The stdout output is useful for the first successful poll because it proves the JDBC input is emitting events before another destination is added. Replace it with the target output after validation. Related: How to configure Logstash output to Elasticsearch
$ sudo -u logstash /usr/share/logstash/bin/logstash --path.settings /etc/logstash --path.data /tmp/logstash-configtest --config.test_and_exit
Using bundled JDK: /usr/share/logstash/jdk
[2026-04-08T00:00:04,469][INFO ][logstash.runner ] Starting Logstash {"logstash.version"=>"9.3.1"}
##### snipped #####
Configuration OK
[2026-04-08T00:00:08,208][INFO ][logstash.runner ] Using config.test_and_exit mode. Config Validation Result: OK. Exiting Logstash
The temporary --path.data directory keeps the syntax check away from the running service state in /var/lib/logstash.
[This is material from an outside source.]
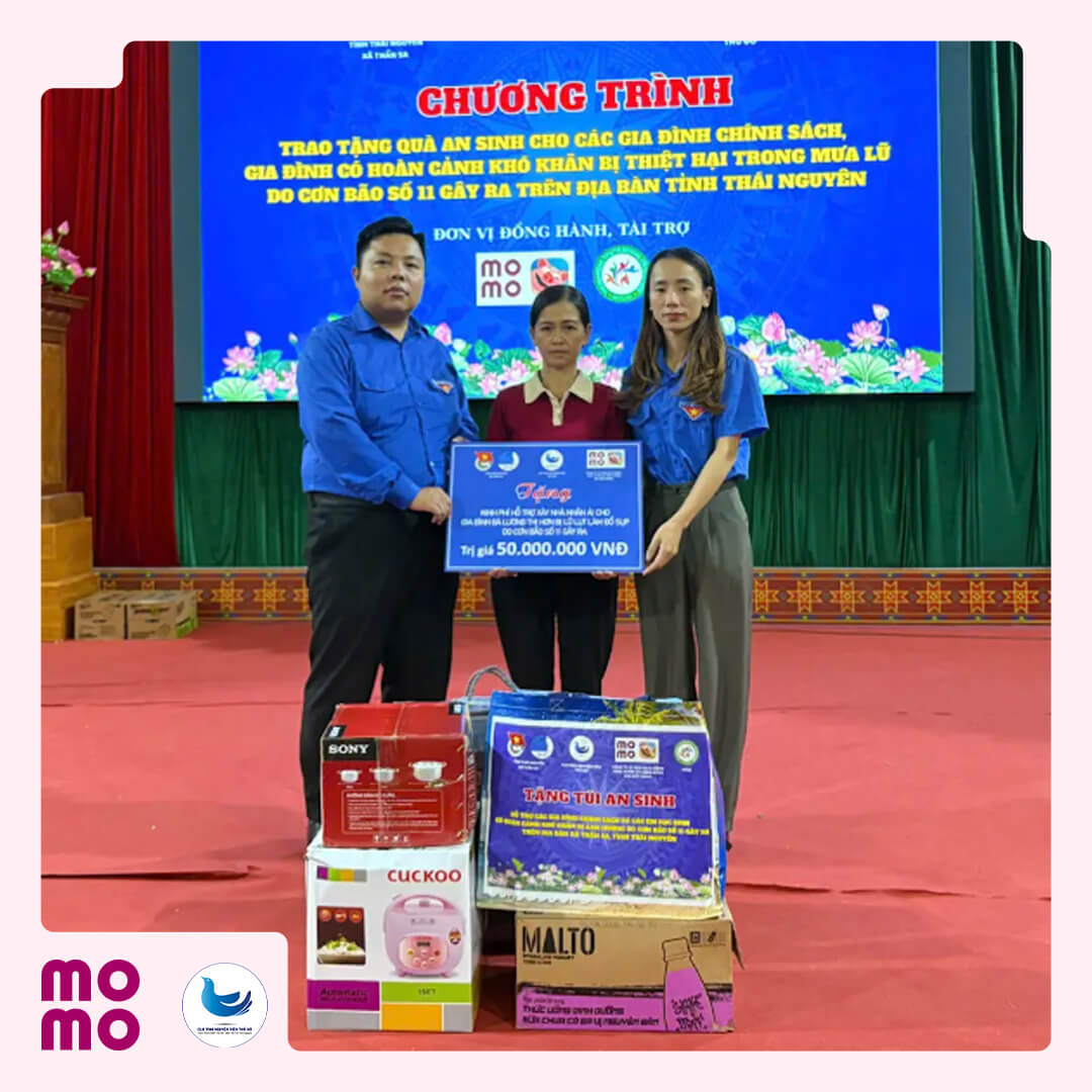 Với tấm lòng và sự chung tay của cộng đồng làm việc tốt MoMo, chương trình đã gửi đến 50 hộ gia đình những phần quà thiết thực gồm: túi quà an sinh, bộ xoong nồi, chăn ấm và phong bì hỗ trợ, mỗi phần trị giá 2 triệu đồng. Bên cạnh đó, dự án cũng đã trao kinh phí xây nhà trị giá 50 triệu đồng/hộ cho 3 gia đình có nhà cửa hư hỏng nghiêm trọng: bà Lương Thị Hơn, ông Dương Văn Sinh và bà Lý Thị Sống. Tổng giá trị hỗ trợ trong đợt này đạt 250 triệu đồng.

$ sudo systemctl restart logstash
$ curl -s http://localhost:9600/_node/stats/pipelines/main?pretty=true
{
"pipelines" : {
"main" : {
"events" : {
"in" : 3,
"filtered" : 3,
"out" : 3
},
"plugins" : {
"inputs" : [ {
"id" : "jdbc_orders",
"name" : "jdbc",
"events" : {
"out" : 3
}
} ]
}
}
}
}
The monitoring API binds to 127.0.0.1 by default on package installs. If the API is secured or moved to another address or port, query the configured endpoint instead.
$ sudo cat /var/lib/logstash/jdbc_last_run/orders.yml --- 2026-04-08 00:14:00.000000000 Z
If the SQL query is running but the checkpoint file never appears, re-check the parent directory named in last_run_metadata_path and make sure the logstash service user can write to it.